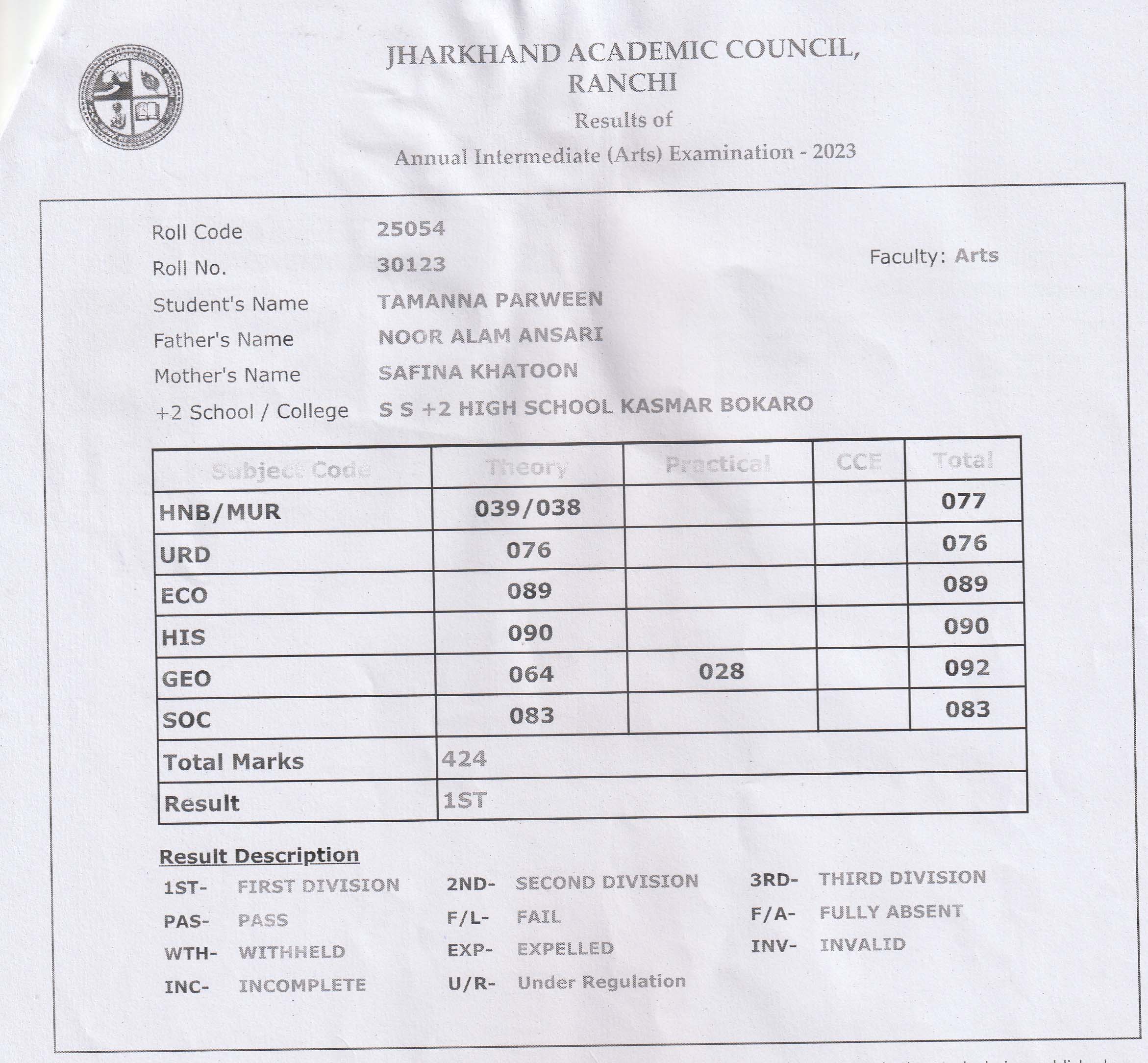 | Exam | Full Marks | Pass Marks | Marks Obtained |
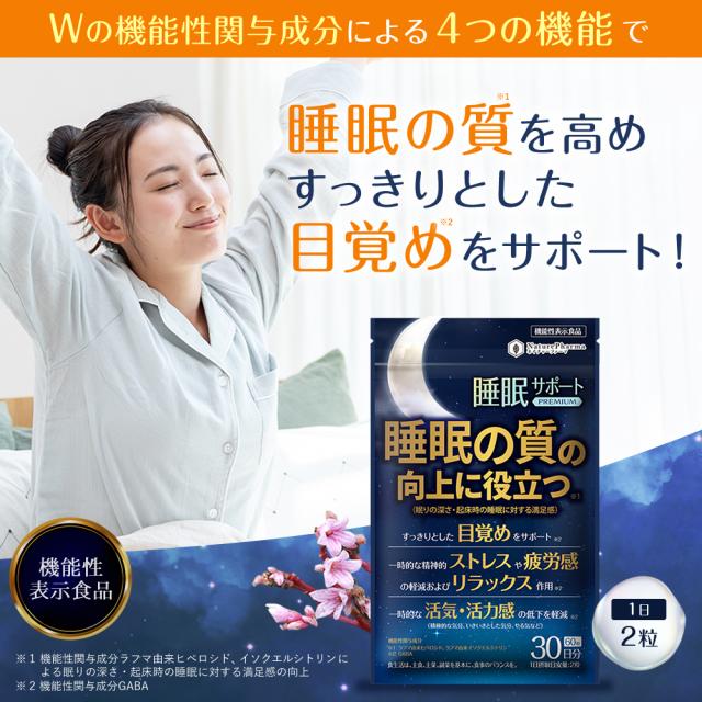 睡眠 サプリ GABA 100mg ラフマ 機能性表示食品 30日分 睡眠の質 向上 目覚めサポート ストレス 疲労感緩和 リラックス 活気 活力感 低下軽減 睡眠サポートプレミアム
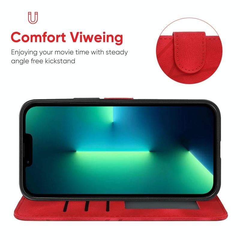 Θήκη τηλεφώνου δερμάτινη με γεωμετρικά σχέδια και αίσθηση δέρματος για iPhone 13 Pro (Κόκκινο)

[EXERCISE REQUIREMENTS]
Output the data above without changes, apart from leaving out the pictures.

[EXERCISE OUTPUT]
 | Exam | Full Marks | Pass Marks | Marks Obtained |
 睡眠 サプリ GABA 100mg ラフマ 機能性表示食品 30日分 睡眠の質 向上 目覚めサポート ストレス 疲労感緩和 リラックス 活気 活力感 低下軽減 睡眠サポートプレミアム
 Θήκη τηλεφώνου δερμάτινη με γεωμετρικά σχέδια και αίσθηση δέρματος για iPhone 13 Pro (Κόκκινο)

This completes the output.